→ **Work to be completed**
In the data below, begin at the line with "A δ18O versus" and stop after the line with "旅行 収納袋付き 男女兼用"; output those lines exactly and no pictures.

→ **Material provided**
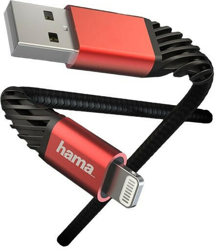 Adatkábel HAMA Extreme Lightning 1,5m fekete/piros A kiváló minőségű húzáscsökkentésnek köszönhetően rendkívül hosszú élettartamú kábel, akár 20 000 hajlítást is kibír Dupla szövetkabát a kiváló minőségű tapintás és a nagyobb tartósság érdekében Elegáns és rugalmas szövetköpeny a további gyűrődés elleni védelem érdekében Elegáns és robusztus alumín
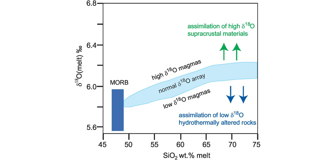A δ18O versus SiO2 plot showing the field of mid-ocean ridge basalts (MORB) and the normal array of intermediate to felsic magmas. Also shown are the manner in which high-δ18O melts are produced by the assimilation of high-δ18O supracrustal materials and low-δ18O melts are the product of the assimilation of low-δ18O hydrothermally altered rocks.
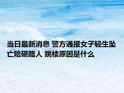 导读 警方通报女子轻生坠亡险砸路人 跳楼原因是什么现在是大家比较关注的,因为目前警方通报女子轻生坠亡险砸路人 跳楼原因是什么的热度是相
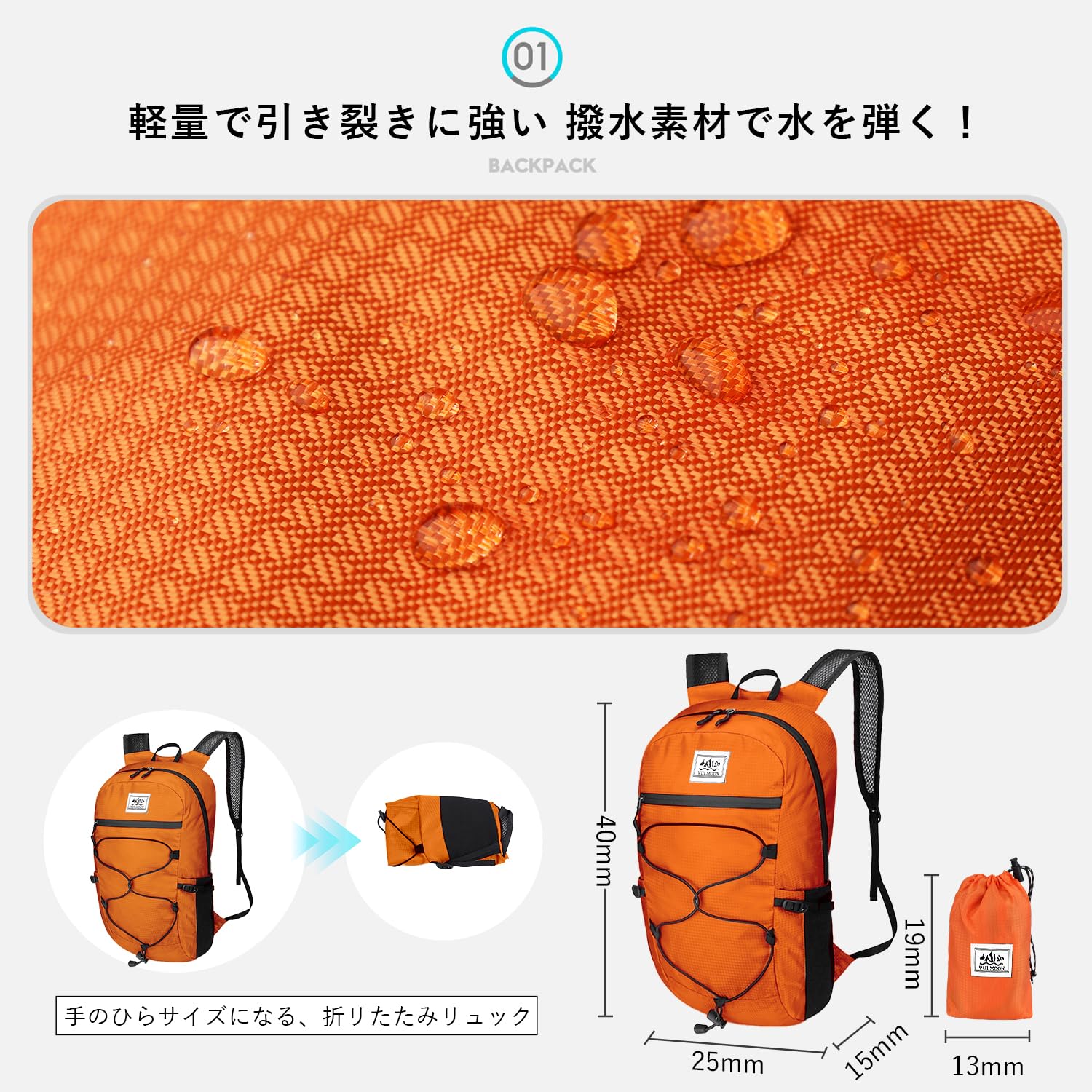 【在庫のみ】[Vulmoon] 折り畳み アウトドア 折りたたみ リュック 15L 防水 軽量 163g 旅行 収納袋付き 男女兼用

* * *

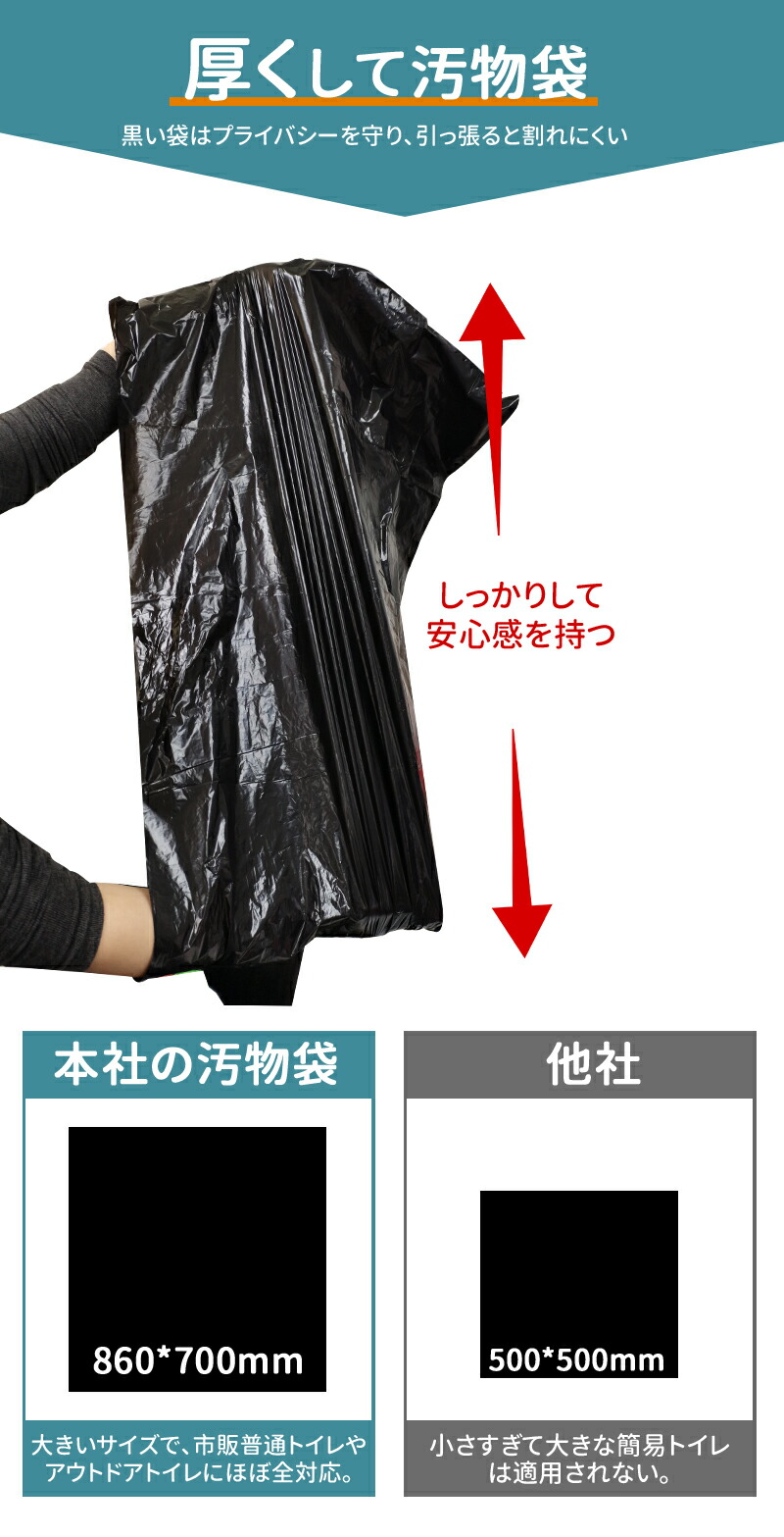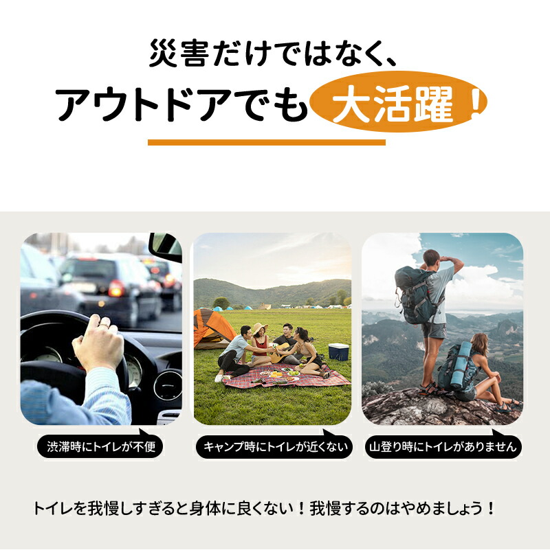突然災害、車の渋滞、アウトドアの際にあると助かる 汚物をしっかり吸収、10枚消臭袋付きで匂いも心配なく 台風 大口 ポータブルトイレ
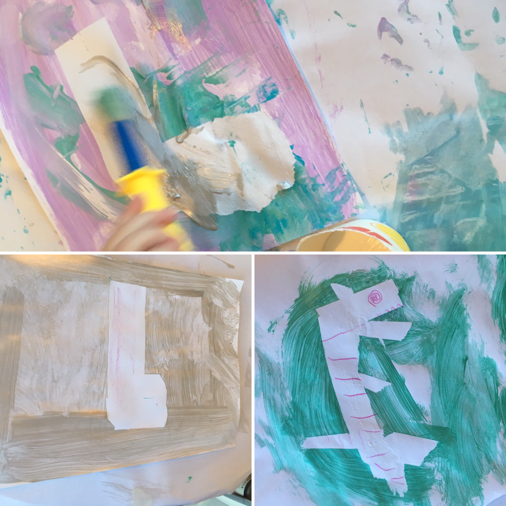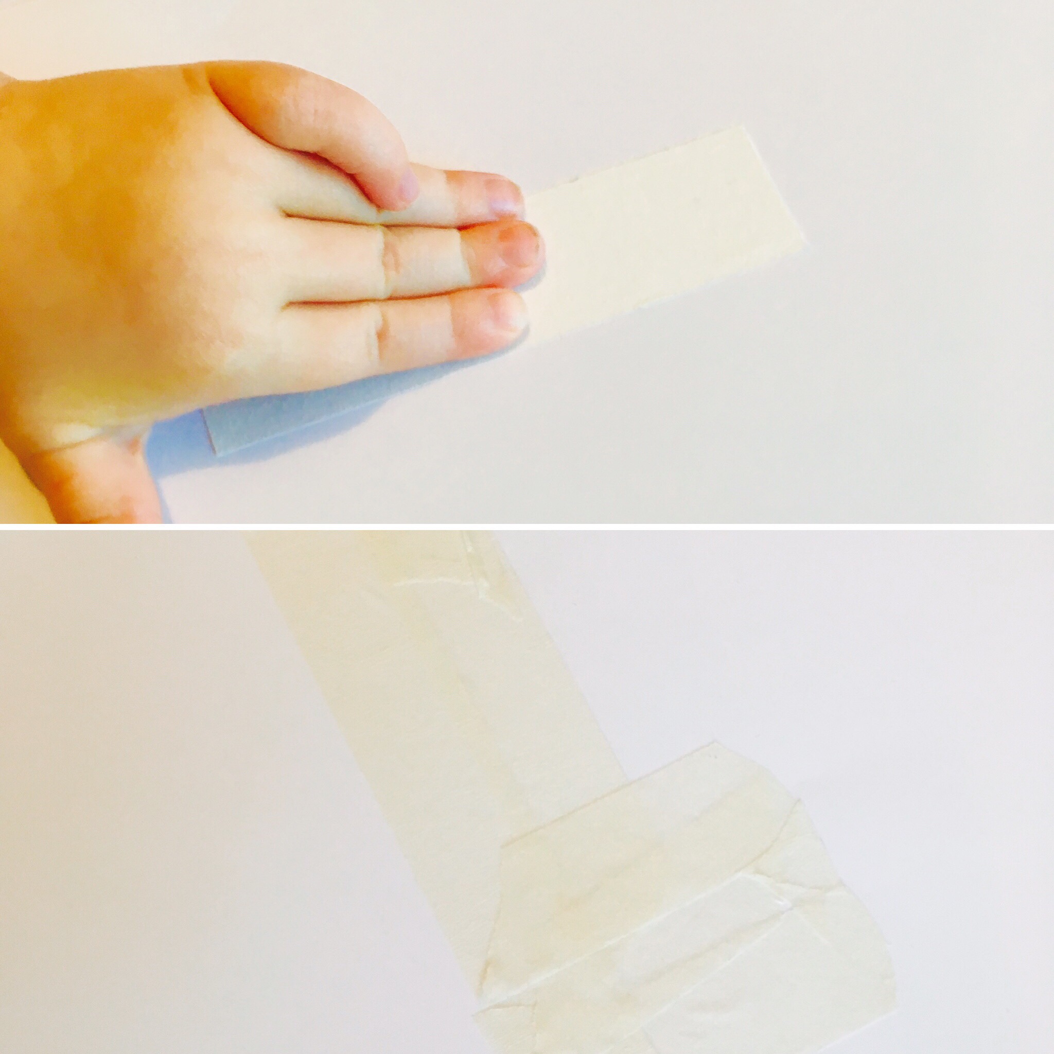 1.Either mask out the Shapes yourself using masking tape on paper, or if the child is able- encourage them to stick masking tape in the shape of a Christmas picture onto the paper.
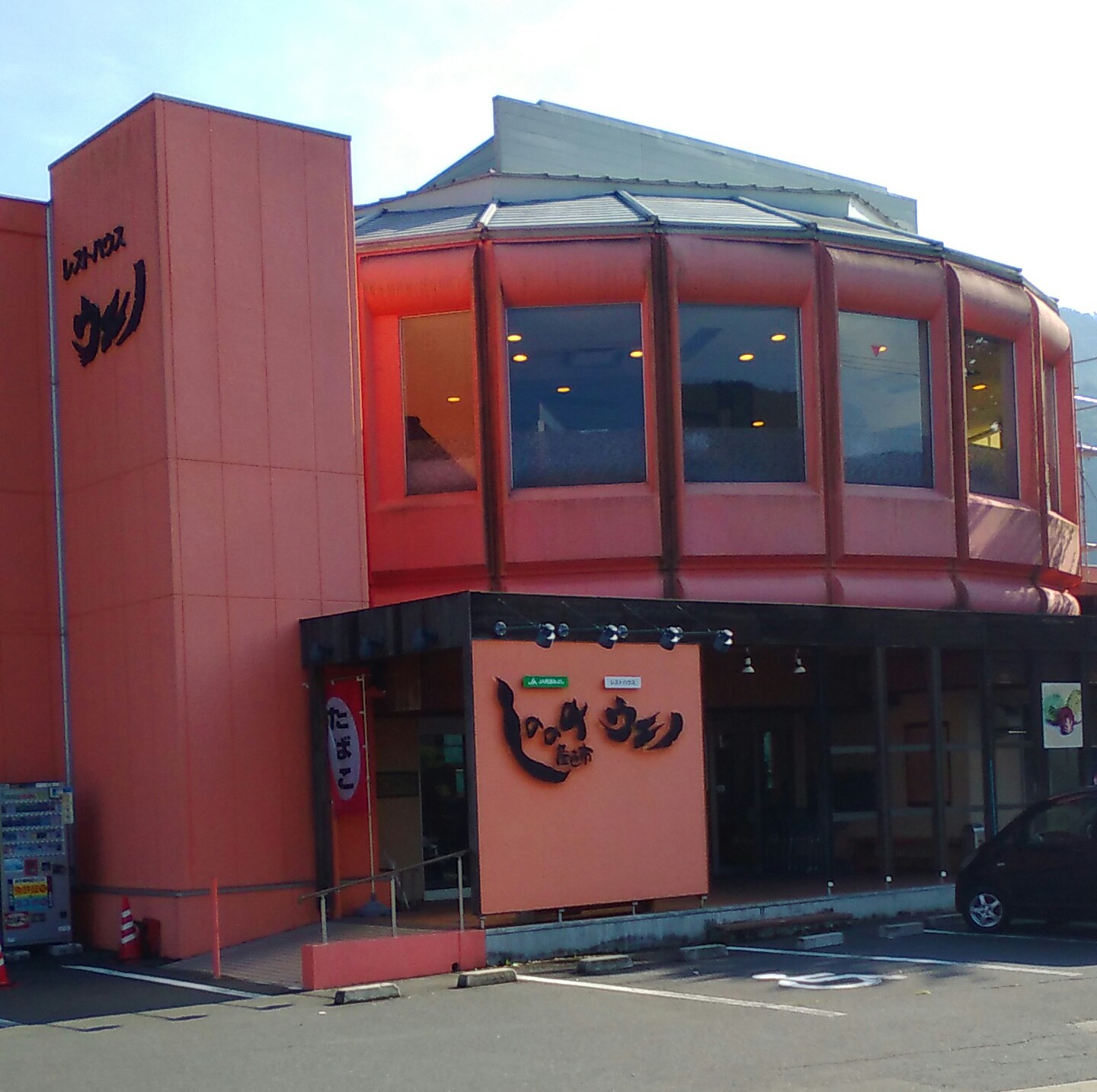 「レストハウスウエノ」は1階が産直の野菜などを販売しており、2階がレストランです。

* * *

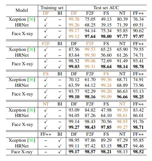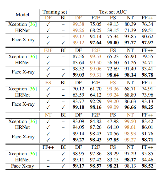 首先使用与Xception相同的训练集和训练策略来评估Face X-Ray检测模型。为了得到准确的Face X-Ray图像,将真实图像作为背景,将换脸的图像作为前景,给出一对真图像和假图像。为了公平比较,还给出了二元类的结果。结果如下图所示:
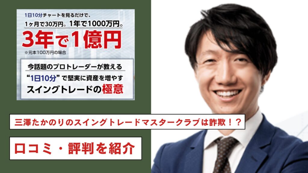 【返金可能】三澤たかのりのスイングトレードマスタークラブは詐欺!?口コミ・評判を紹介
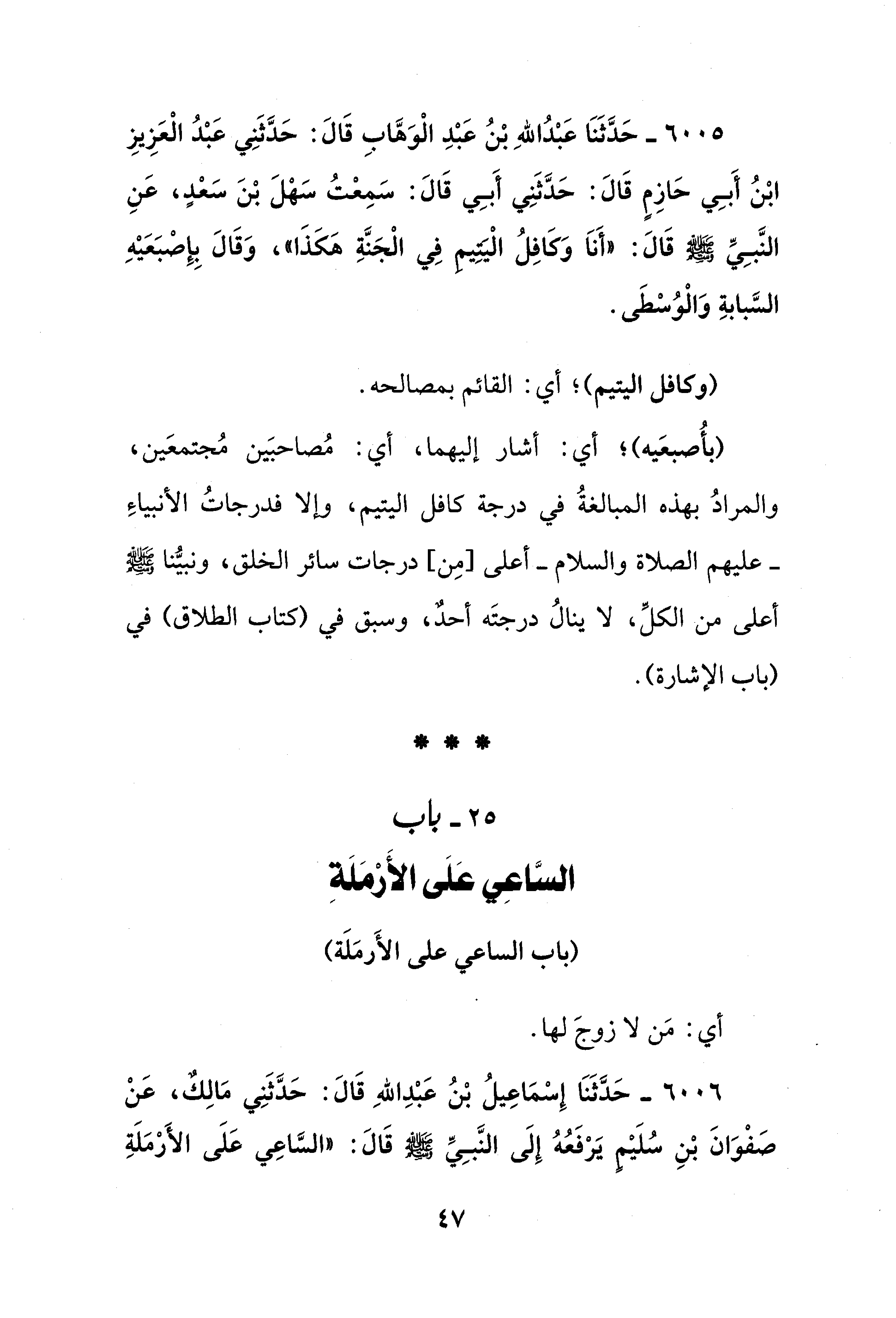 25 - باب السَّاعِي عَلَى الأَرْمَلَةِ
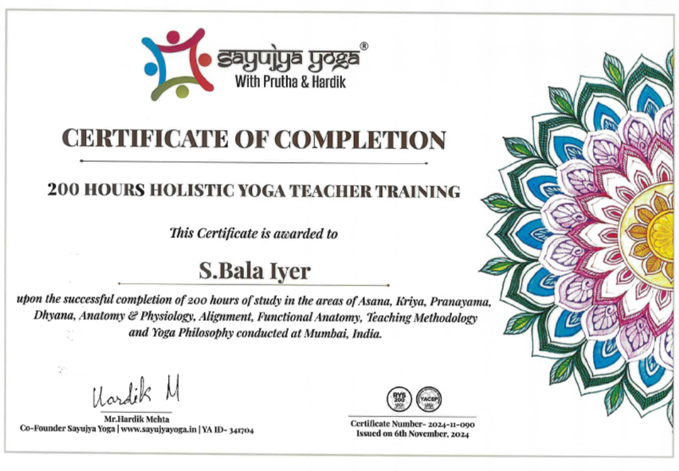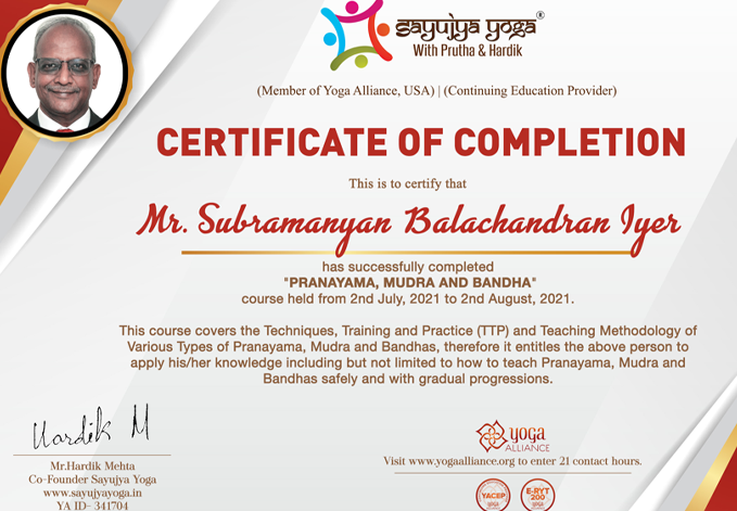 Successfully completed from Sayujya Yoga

→ **Finished exercise**
A δ18O versus SiO2 plot showing the field of mid-ocean ridge basalts (MORB) and the normal array of intermediate to felsic magmas. Also shown are the manner in which high-δ18O melts are produced by the assimilation of high-δ18O supracrustal materials and low-δ18O melts are the product of the assimilation of low-δ18O hydrothermally altered rocks.
 导读 警方通报女子轻生坠亡险砸路人 跳楼原因是什么现在是大家比较关注的,因为目前警方通报女子轻生坠亡险砸路人 跳楼原因是什么的热度是相
 【在庫のみ】[Vulmoon] 折り畳み アウトドア 折りたたみ リュック 15L 防水 軽量 163g 旅行 収納袋付き 男女兼用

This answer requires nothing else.